Thursday, January 24, 2013

In memory of Bill Babcock

I learned this afternoon that Bill Babcock, an extraordinary colleague and mentor, died last month. I met Bill when we read exams on the Clemson University campus over 20 years ago. I was a rookie, he was the guy who helped me learn the ropes. We worked together at reading tables several times after that.

He was a gentleman and a scholar in the very best senses of those words. He was also a great teacher to those of us who worked with him.

About the time we both retired, he and his wife Julie, trekked across Jacksonville to take photos of a house my parents rented when my dad was stationed at Jacksonville Naval Air Station during World War II. The kindness of their gesture would not be surprising to those of us who knew Bill.

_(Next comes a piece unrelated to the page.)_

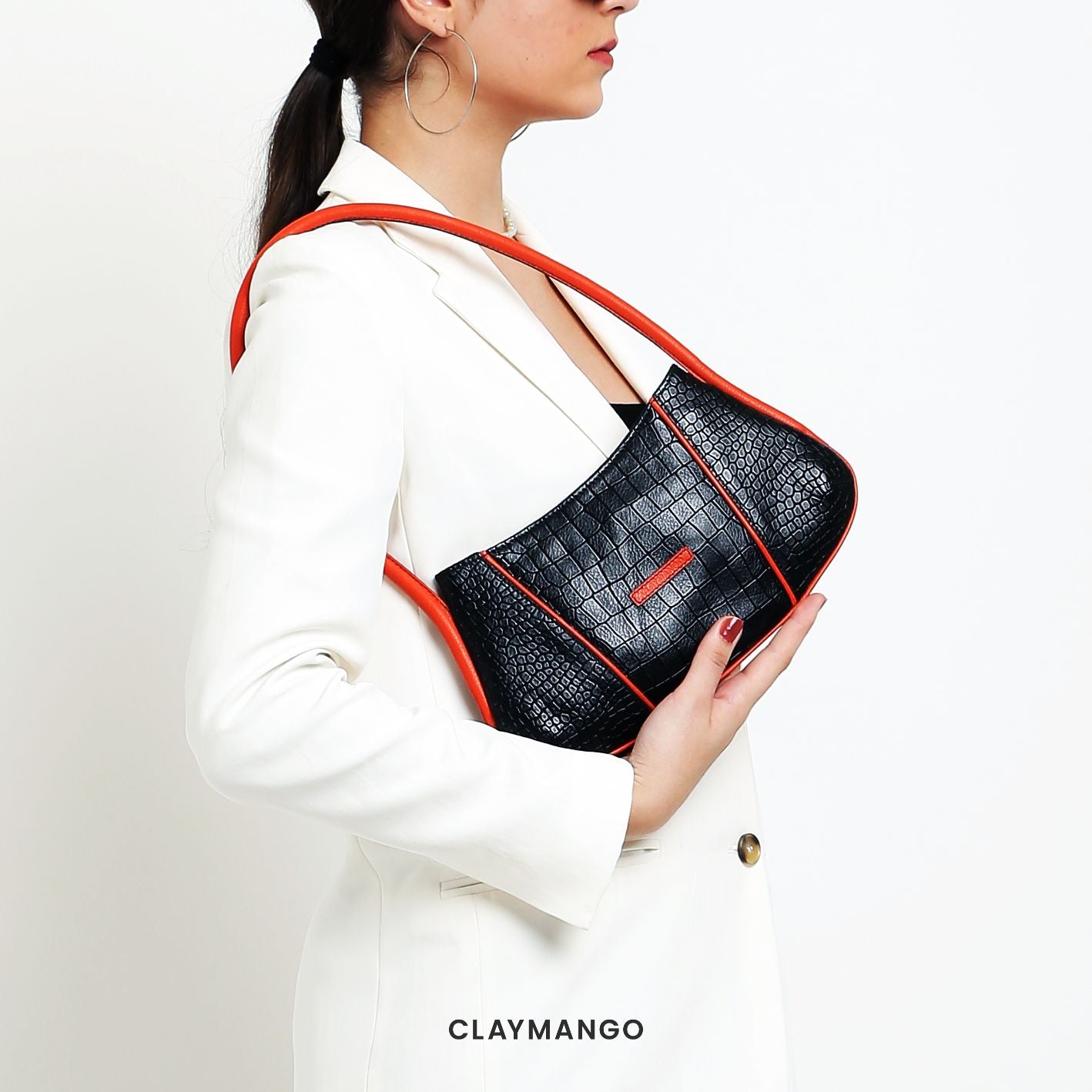 Prepare to be mesmerized by our Searing Shoulder Bag, which boasts a luxurious crocodile leather finish with shades of fiery orange and deep black. It captures the captivating essence of hot coals, ensuring you stand out on your fashion journey.

In Memory of William Nathaniel Babcock March 23, 1934 - December 19, 2012

Bill Babcock
William Nathaniel "Bill" Babcock passed away peacefully on December 19, 2012 after an extended illness.

Bill was born in Wytheville, Virginia on March 23, 1934 to Kate Anderson Babcock and Mark Babcock.

He grew up in Daytona Beach, Florida.

He is survived by his wife of 48 years, Julie Cheves Babcock, his son Mark William Babcock (Laura) and grandchildren Sophie, Eva and Max, of Madrid, Spain, and his brother James M Babcock (Anita) of Tampa.

Bill graduated from Mainland High School in Daytona Beach in 1953 and served in the US Marine Corps before attending the University of Florida, where he graduated with a Bachelor of Arts in Education in 1960 and a Master of Education in 1966.

After graduation, Bill became an educator, teaching for more than 47 years, including 41 years at The Bolles School.

Bill began his career at Bolles in 1966 and retired in 2007. He taught many subjects during his tenure at Bolles – including history, economics, and AP levels of US and comparative government. He served as chairman of the Social Studies Department until 1997 and was then named chair emeritus. As Director of Student Activities, Bill was also an instrumental mentor and inspiration to students in the National Honor Society and the Student Council. He was the first person to be named The Henrietta Donovan Chair of American Studies and was one of four teachers citywide selected for the Gladys Prior Award for Career Teaching Excellence in 2002.

In addition to his work at Bolles, Bill served the Advanced Placement Program of the College Board as a Grader, Table Leader, and Consultant in the subject of Comparative Government from 1988 to 2005... 


At 7:04 AM, Anonymous Ethel Wood said...

I am deeply saddened to hear of Bill's death. He was truly one of the "greats" of AP Comparative Government, not to mention one of my very favorite people at the readings for many years. I too first met him at Clemson, sharing sitings of the Clemson tiger and my very first gator bites. No one was kinder, wiser, gentler, or more fun! We all owe Bill a huge debt of gratitude for his many contributions in shaping the field of AP Comparative Government and Politics.